Provided material
§ §

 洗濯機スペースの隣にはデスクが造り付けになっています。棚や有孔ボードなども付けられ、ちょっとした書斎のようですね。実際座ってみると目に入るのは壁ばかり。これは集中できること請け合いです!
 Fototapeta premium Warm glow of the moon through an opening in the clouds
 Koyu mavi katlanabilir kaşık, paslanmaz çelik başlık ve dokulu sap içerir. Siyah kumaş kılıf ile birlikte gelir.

§ §

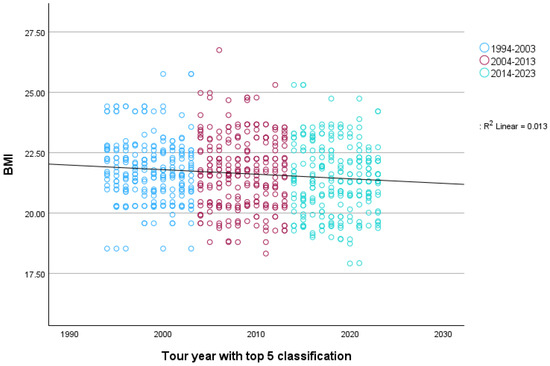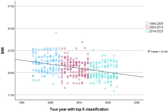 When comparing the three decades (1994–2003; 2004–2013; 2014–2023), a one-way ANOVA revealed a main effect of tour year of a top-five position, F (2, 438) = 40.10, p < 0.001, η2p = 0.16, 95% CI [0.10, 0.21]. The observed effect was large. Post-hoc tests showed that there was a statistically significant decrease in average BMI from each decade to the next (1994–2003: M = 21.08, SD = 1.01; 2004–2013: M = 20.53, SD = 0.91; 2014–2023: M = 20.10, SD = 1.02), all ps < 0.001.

§ §

The required answer is the run of lines above, starting at the line with "洗濯機スペースの隣にはデスク" and ending at the line with "Koyu mavi katlanabilir", reproduced exactly with both ends.

 洗濯機スペースの隣にはデスクが造り付けになっています。棚や有孔ボードなども付けられ、ちょっとした書斎のようですね。実際座ってみると目に入るのは壁ばかり。これは集中できること請け合いです!
 Fototapeta premium Warm glow of the moon through an opening in the clouds
 Koyu mavi katlanabilir kaşık, paslanmaz çelik başlık ve dokulu sap içerir. Siyah kumaş kılıf ile birlikte gelir.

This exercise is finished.